WHAT THIS TASK INVOLVES: Print, exactly as they stand, the lines below from the one that has "Real price ~" to the one that has "拉莫斯社媒祝愿布斯克茨:我同事过的最了得中场之一,祝改日顺利", inclusive, leaving out the pictures.

INFORMATION SHOWN:
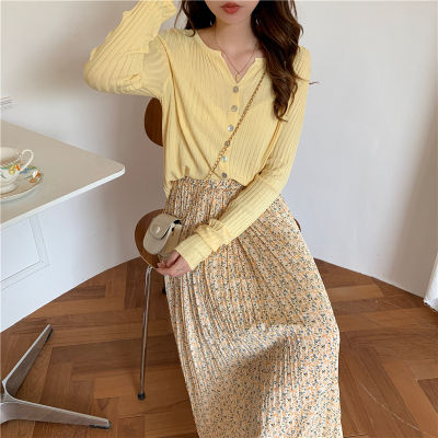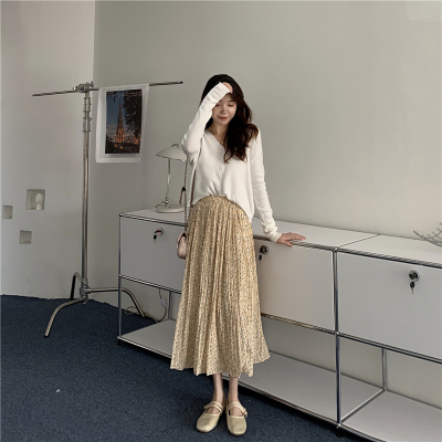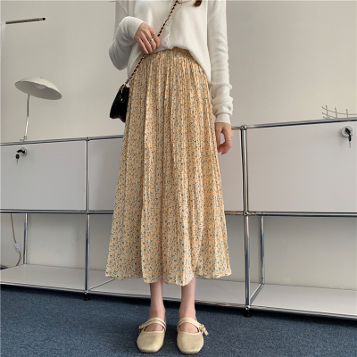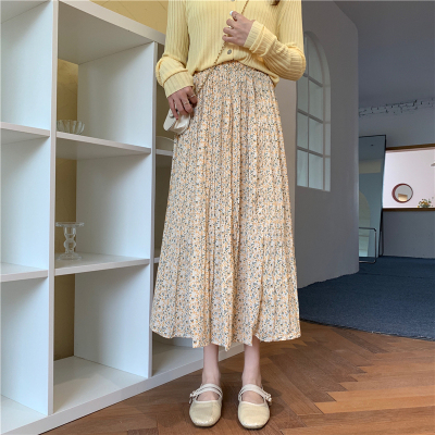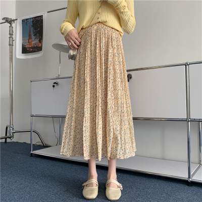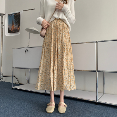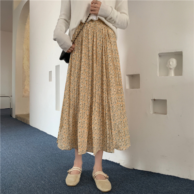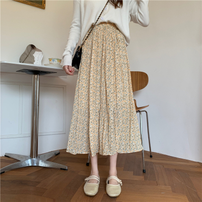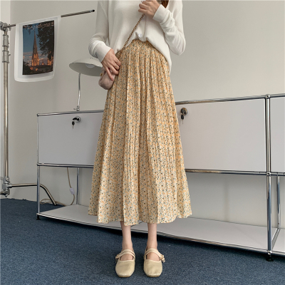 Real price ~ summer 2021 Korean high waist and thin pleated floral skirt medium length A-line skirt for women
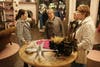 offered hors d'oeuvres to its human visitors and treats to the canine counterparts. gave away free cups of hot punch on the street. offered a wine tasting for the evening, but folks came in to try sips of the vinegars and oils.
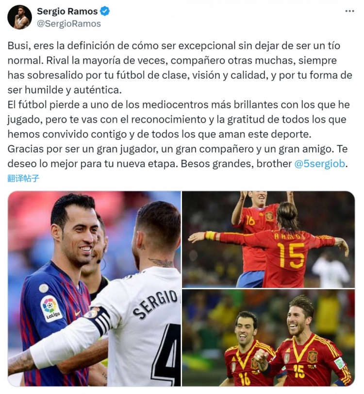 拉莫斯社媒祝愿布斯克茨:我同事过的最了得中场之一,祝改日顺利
---
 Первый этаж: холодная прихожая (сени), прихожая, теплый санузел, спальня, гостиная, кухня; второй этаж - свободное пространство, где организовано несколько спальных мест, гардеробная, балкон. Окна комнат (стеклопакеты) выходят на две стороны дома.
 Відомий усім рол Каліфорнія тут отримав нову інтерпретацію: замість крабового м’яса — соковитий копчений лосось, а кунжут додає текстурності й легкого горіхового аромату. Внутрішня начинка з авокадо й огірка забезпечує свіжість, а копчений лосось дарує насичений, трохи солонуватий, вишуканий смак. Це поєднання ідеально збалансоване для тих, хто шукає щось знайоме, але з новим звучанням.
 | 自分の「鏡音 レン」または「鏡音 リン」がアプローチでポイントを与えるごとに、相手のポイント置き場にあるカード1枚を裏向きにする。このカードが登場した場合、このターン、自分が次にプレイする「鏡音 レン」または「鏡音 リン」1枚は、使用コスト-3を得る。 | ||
--
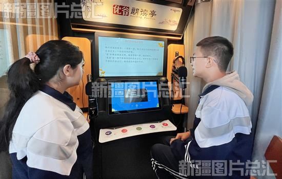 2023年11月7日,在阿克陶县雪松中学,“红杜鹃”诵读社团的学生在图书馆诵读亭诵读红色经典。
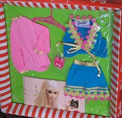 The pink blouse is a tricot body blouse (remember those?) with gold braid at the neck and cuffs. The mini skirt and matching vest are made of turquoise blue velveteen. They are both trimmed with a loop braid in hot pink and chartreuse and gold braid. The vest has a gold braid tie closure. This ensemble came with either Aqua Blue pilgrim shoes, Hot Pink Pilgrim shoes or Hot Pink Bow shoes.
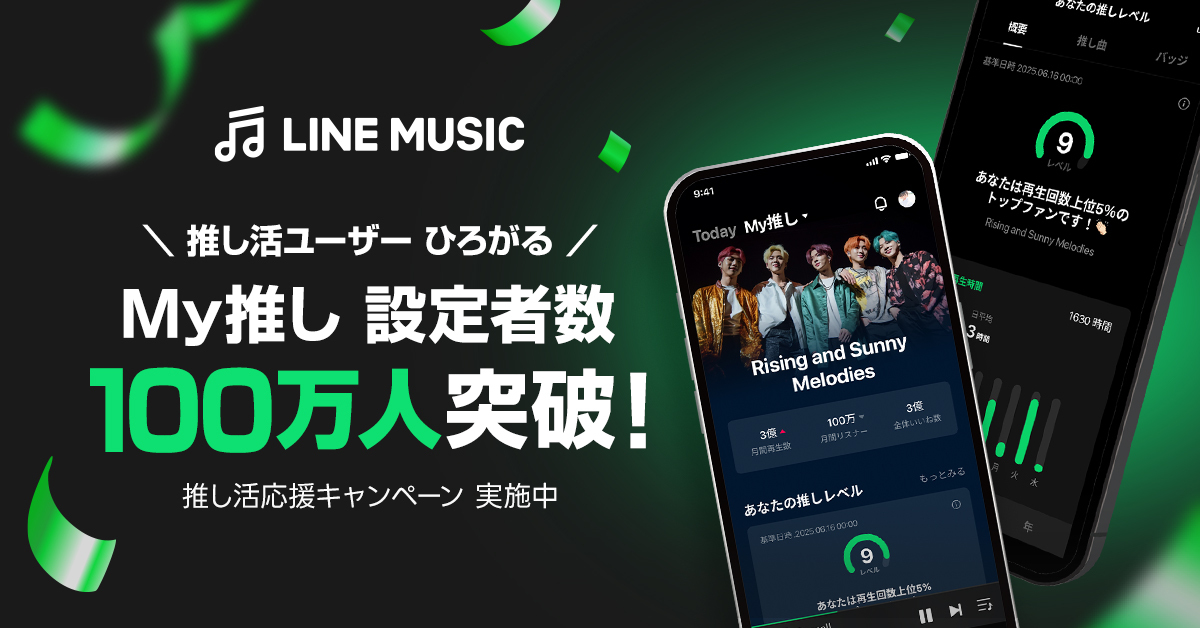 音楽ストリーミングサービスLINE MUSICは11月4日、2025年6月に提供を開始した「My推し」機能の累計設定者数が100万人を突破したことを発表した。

ANSWER TO THIS TASK:
 Real price ~ summer 2021 Korean high waist and thin pleated floral skirt medium length A-line skirt for women
 offered hors d'oeuvres to its human visitors and treats to the canine counterparts. gave away free cups of hot punch on the street. offered a wine tasting for the evening, but folks came in to try sips of the vinegars and oils.
 拉莫斯社媒祝愿布斯克茨:我同事过的最了得中场之一,祝改日顺利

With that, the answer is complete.